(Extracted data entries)
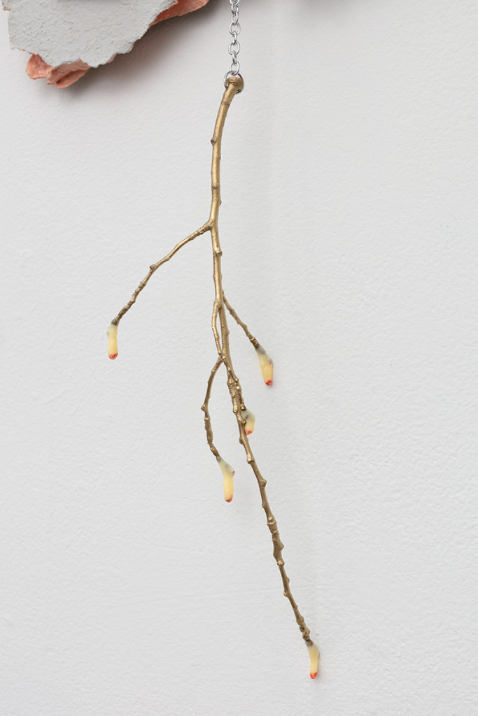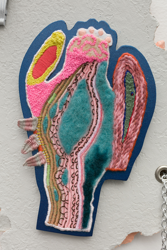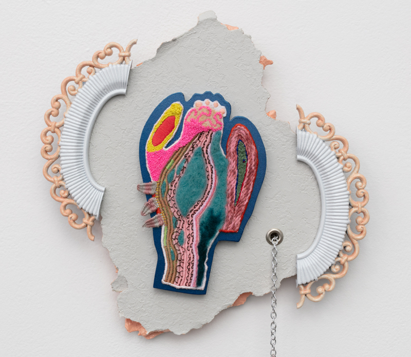 Embroidery floss, wool, thread, wooden frame, drywall, mdf, spray paint, acrylic paint, polymer clay, Mod Podge, chain, found tree branch, marker
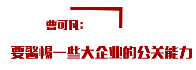 全国人大代表、上海新娱乐传媒有限公司首席主持人曹可凡说,要警惕一些大企业的公关能力,福喜公司事发后,曾找到他和另一位全国人大代表,希望能帮忙“忽悠一下”,曹可凡随后向多方了解情况,发现实际情况和福喜方面的说法完全不一样。据他了解,福喜方面动用了许多力量,“反扑能力非常强大”,甚至在APEC会议期间,还通过美方向中方施加压力。
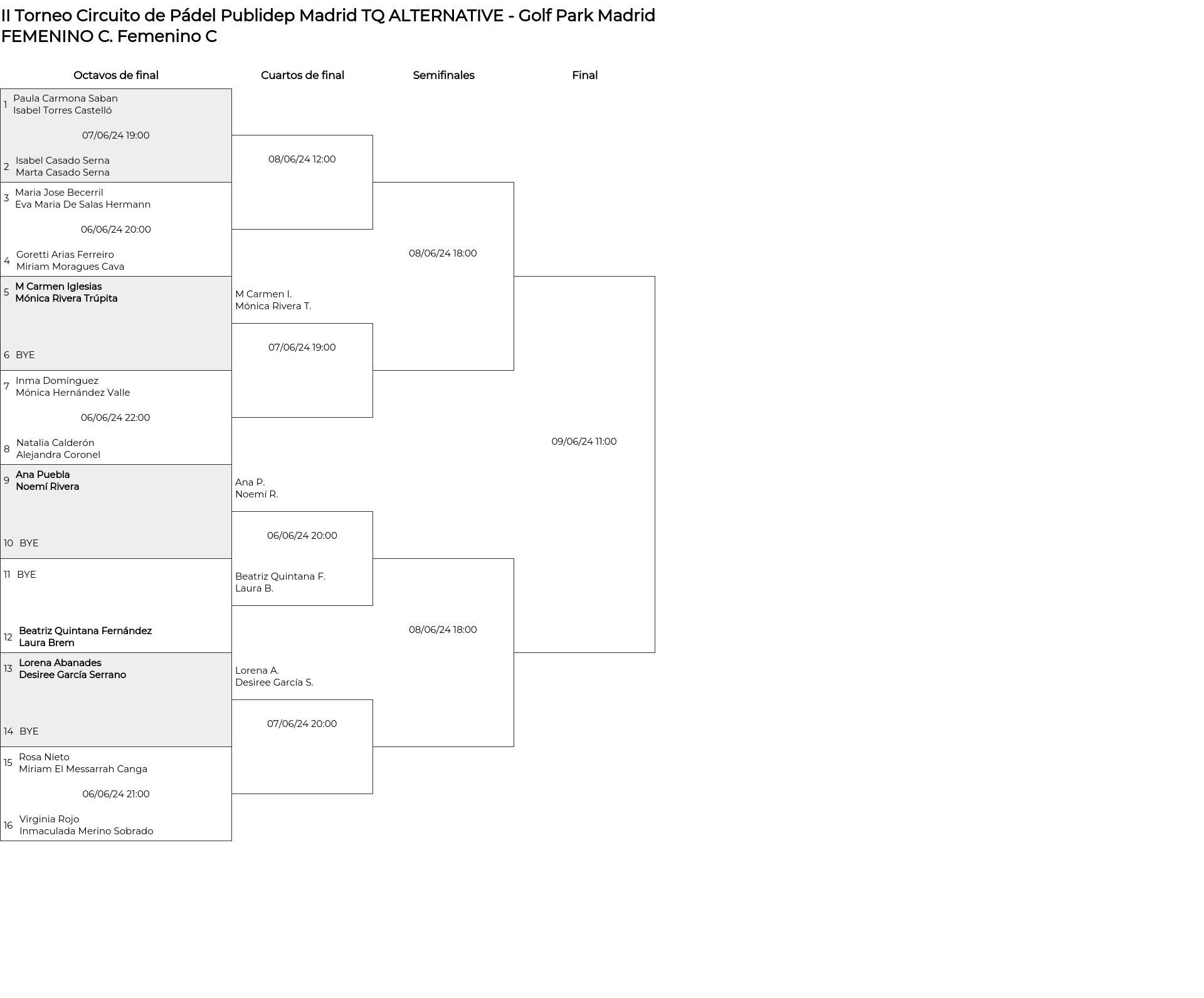 Femenino C . Desde 06/06/2024 20:00 hasta 09/06/2024 13:00
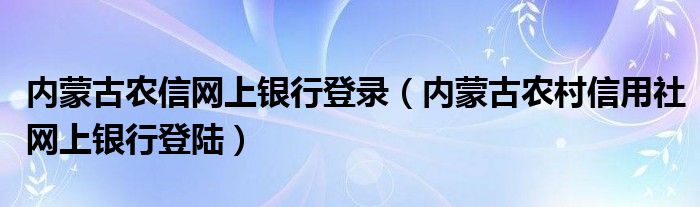 今天菲菲来为大家解答以上的问题。内蒙古农信网上银行登录,内蒙古农村信用社网上银行登陆相信很多小伙伴还不知道,现在让我们一起来看看吧!
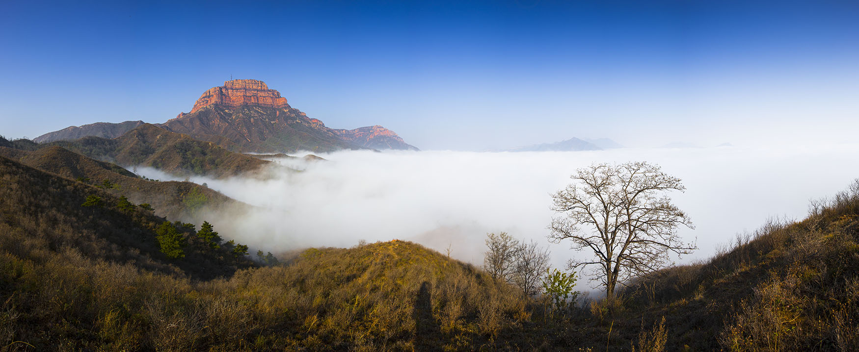 北武当山又名真武山,古称龙王山,在唐代以前就已成为具有道教色彩的朝拜圣地,素有“三晋第一名山”之称。北武当山不仅有悠久的道教历史,更有绚丽的自然风光,漫漫无际的黄土丘陵中,忽然冒出几座由花岗岩整体浇铸而成的石山,突兀争奇,古树参天,不能谓之不奇。
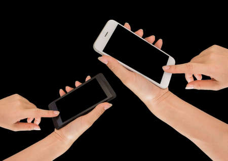 Smartphones of different generations with empty screens in the hands of a man and a woman close-up on a white background
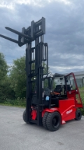 Keskiraskaan sarjan Sähkötrukki valmiina töihin. Koneesta löytyy kaikki tarvittavat varusteet työntekoon. Ajomoottoreita 2kpl (15kw + 15kw), regeneroiva jarrutusjärjestelmä, märkälevyjarrut, sähköinen seisontajarru ja paljon muuta.
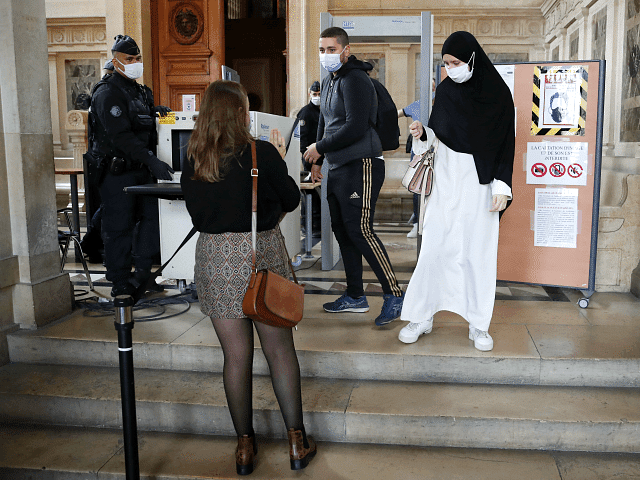 En esta fotografía de archivo del 5 de octubre de 2020, se observa a personas antes del juicio de Sidi Ahmed Ghlam, un argelino de 29 años acusado de matar a una mujer e intentar volar una iglesia cerca de París. (Foto AP / Francois Mori, archivo)
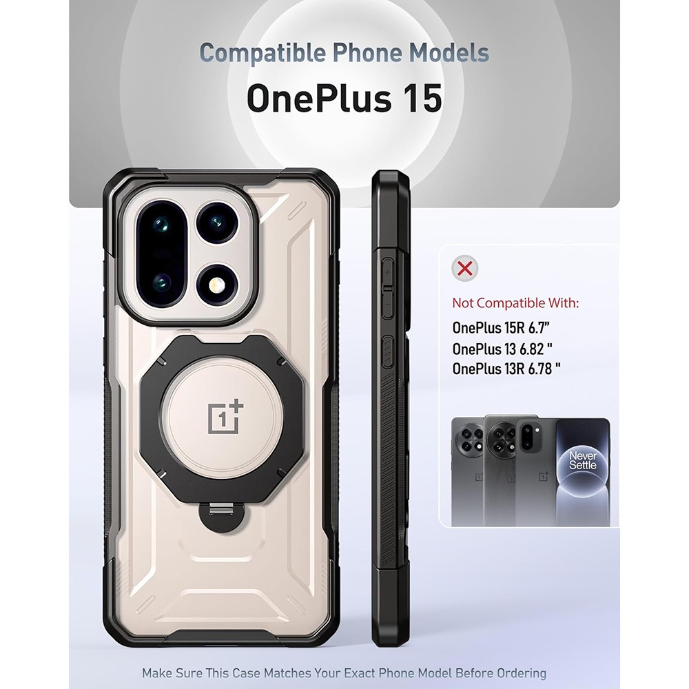 For OnePlus 15 Case Built in Screen With MagSafe Kickstand Poetic Cover Black
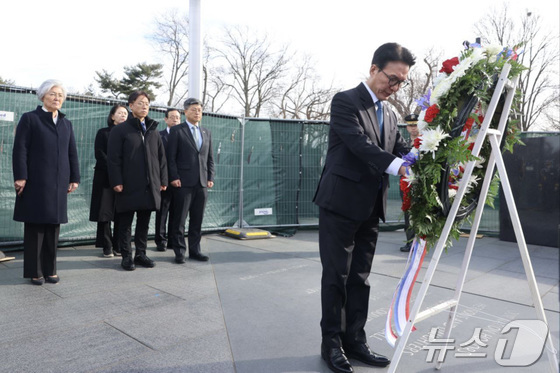 김민석 국무총리가 22일(현지시간) 미국 워싱턴D.C. 한국전 참전기념공원을 방문해 한국전 참전기념비에 헌화하고 있다. (총리실 제공. 재판매 및 DB 금지) 2026.1.23/뉴스1
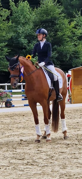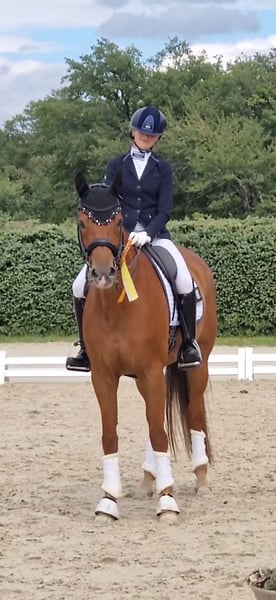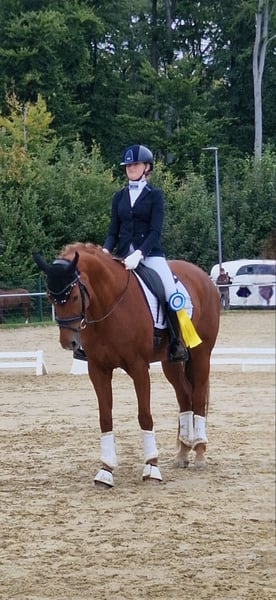 Zum Verkauf steht diese 10jährige Fuchsstute von Sir Donnerhall x Fürst Nymphenburg. Seit 2020 wurde sie fast ausschließlich von einem jungen Mädchen geritten und auf Turnieren von E-Dressur bis M** vorgestellt. Diese Turniersaison hat sie sowohl Trensen- als auch Kandaren-L gewonnen und konnte sich mehrmals in Dressurprüfungen der Klasse M platzieren. Serienwechsel und Arbeitspirouetten sind bereits angelegt. Sie macht auch gerne Gymnastiksprünge. Die Stute koppt, was ihr aber bisher keinerlei Probleme bereitet hat. Videos und weitere Informationen gerne auf Anfrage per WhatsApp unter 0039-3939432636
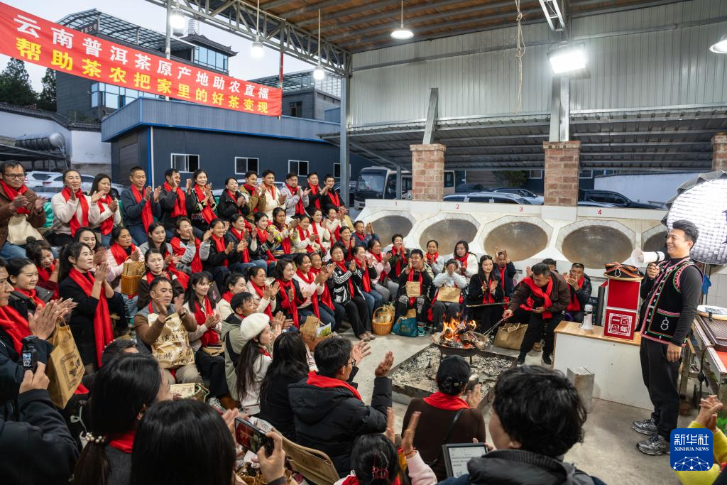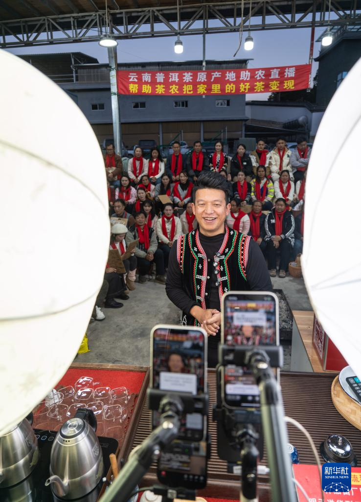 1月22日,茶农在临沧市双江县勐库镇参与茶叶推介直播。新华社记者 高咏薇 摄
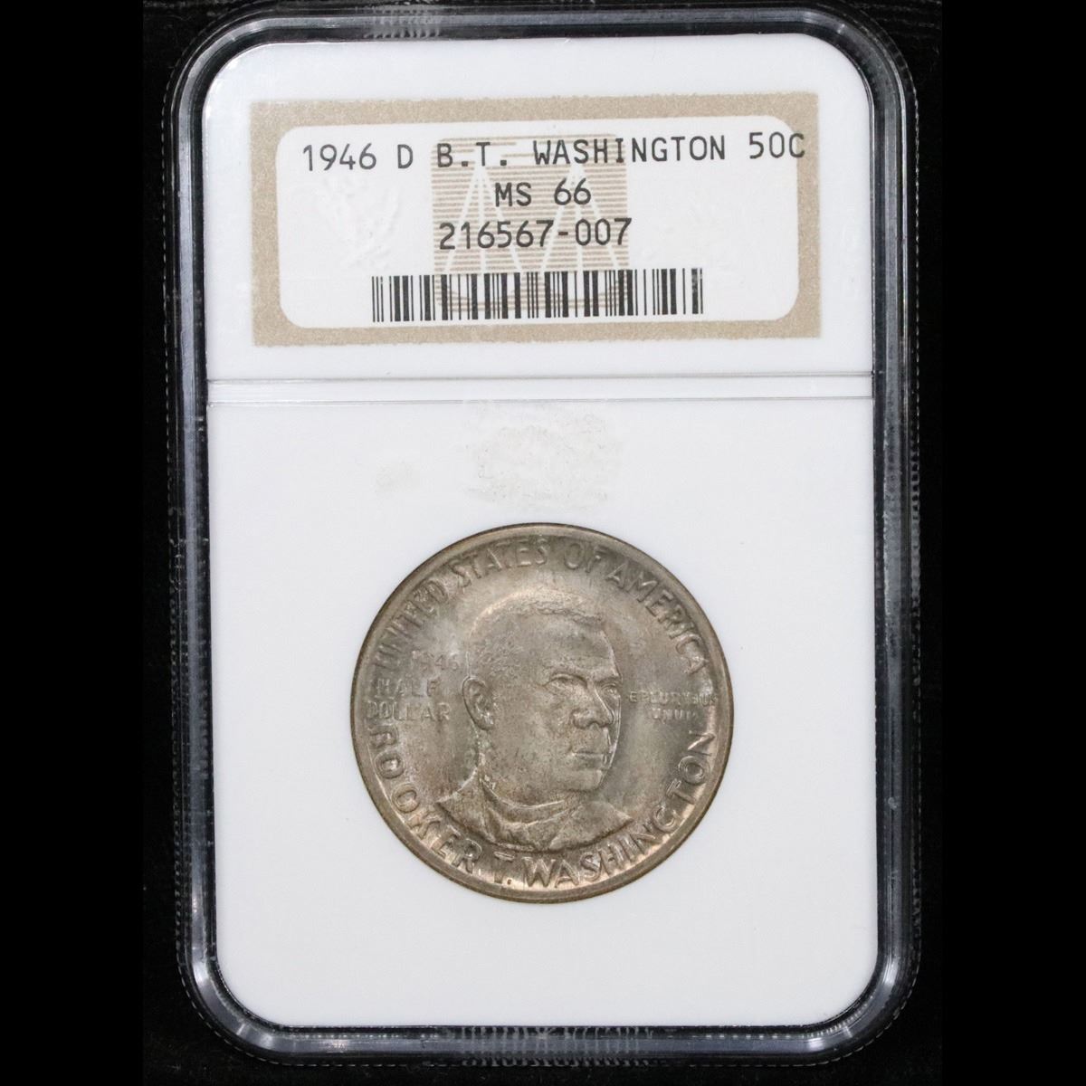 NGC 1946-d BTW . . Old Commem Half Dollar 50c Graded ms66 By NGC. When examining a Booker T. Washington commemorative look for wear on the high points, on the obverse that is Mr. Washington's right Cheek (from his perspective), and on the reverse the arches on the top building.
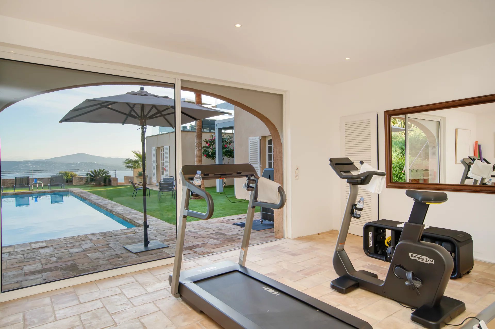 Sports enthusiasts can enjoy the ping-pong table, foosball table, heated swimming pool, and gym equipped with TechnoGym equipment.
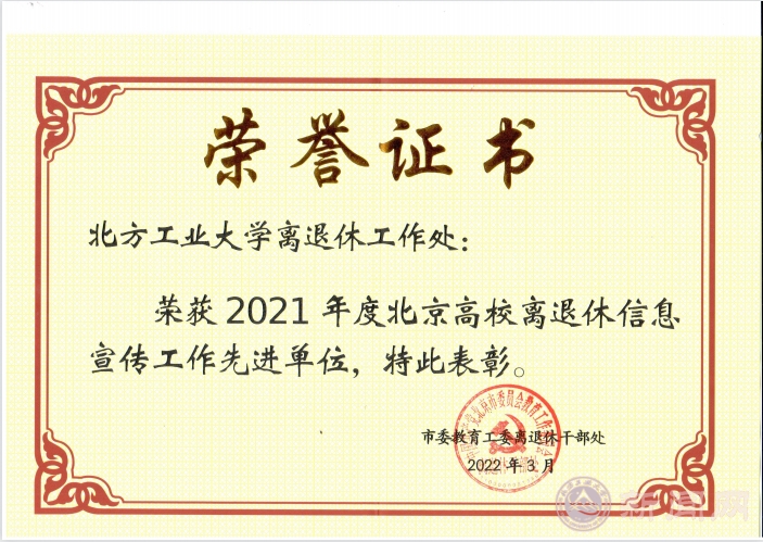 在日前召开的2021年北京高校离退休工作部门负责人会议(线上)上,世界杯离退休工作处被评为“2021年度北京高校离退休干部信息宣传工作先进单位”。
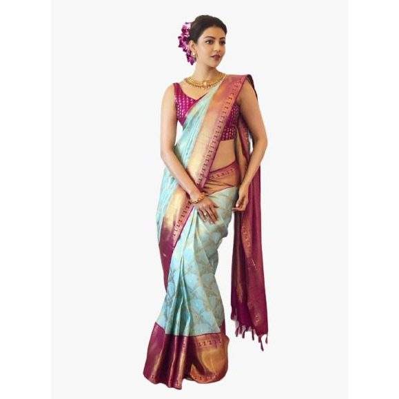 ส่าหรีผ้าไหมลายลิ้นจี่นุ่มทันสมัยพร้อมเสื้อเบลาส์สีเขียวน้ำทะเล
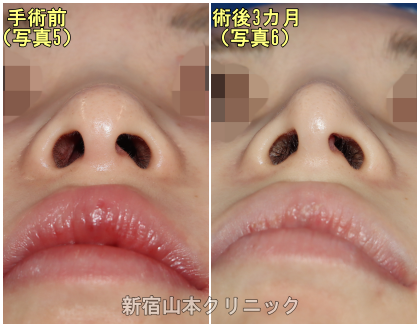 下から見た状態を比較(写真5, 6)すると、鼻先が細くすっきりと高くなっていることがお分かり頂けるはずです。
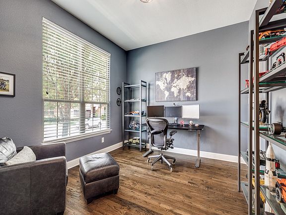 Excellent neighborhood with a private lake for fishing and nature walks plus enjoy easy access to additional hike and bike trails. This well maintained property is an Ashton Woods Turnberry plan with a 3 car tandem garage, extensive real hardwood flooring, granite counters, gas cooktop and open concept living room, dining and kitchen areas leading to a private backyard and covered patio. Twelve foot ceilings in main living area with stone fireplace and gas logs. Custom vaulted 19 foot ceilings in primary bedroom and bathroom. The private office features French doors for work from home privacy. Guest bedroom upstairs with private ensuite bathroom, plus additional bedrooms that share a hall bath. Second living area upstairs and a separate dedicated media room for movies, enjoying sports and gaming. Schools zoned for the coveted Allen ISD and located with easy access to all freeways including 121, 75 and George Bush for easy commute to Plano, Frisco, Dallas, and all areas of the DFW metro. Access the trail to Twin Creeks Park from the neighborhood and enjoy 13 acres of hike and bike trails, zipline, playground, expansive open spaces, picnic tables, benches, and a pavilion. For entertainment, check out Watters Creek, a community of shops, restaurants, live music, outdoor activities for everyone. Hurry to view, this one is a winner!

WHAT IS NEEDED: Beginning with the line above that contains "Zum Verkauf steht" and ending with the line that contains "1月22日,茶农在临沧市双江县勐库镇参与茶叶推介直播。新华社记者 高咏薇 摄", quote each line exactly, keeping out the pictures.

FINAL ANSWER:
 Zum Verkauf steht diese 10jährige Fuchsstute von Sir Donnerhall x Fürst Nymphenburg. Seit 2020 wurde sie fast ausschließlich von einem jungen Mädchen geritten und auf Turnieren von E-Dressur bis M** vorgestellt. Diese Turniersaison hat sie sowohl Trensen- als auch Kandaren-L gewonnen und konnte sich mehrmals in Dressurprüfungen der Klasse M platzieren. Serienwechsel und Arbeitspirouetten sind bereits angelegt. Sie macht auch gerne Gymnastiksprünge. Die Stute koppt, was ihr aber bisher keinerlei Probleme bereitet hat. Videos und weitere Informationen gerne auf Anfrage per WhatsApp unter 0039-3939432636
 1月22日,茶农在临沧市双江县勐库镇参与茶叶推介直播。新华社记者 高咏薇 摄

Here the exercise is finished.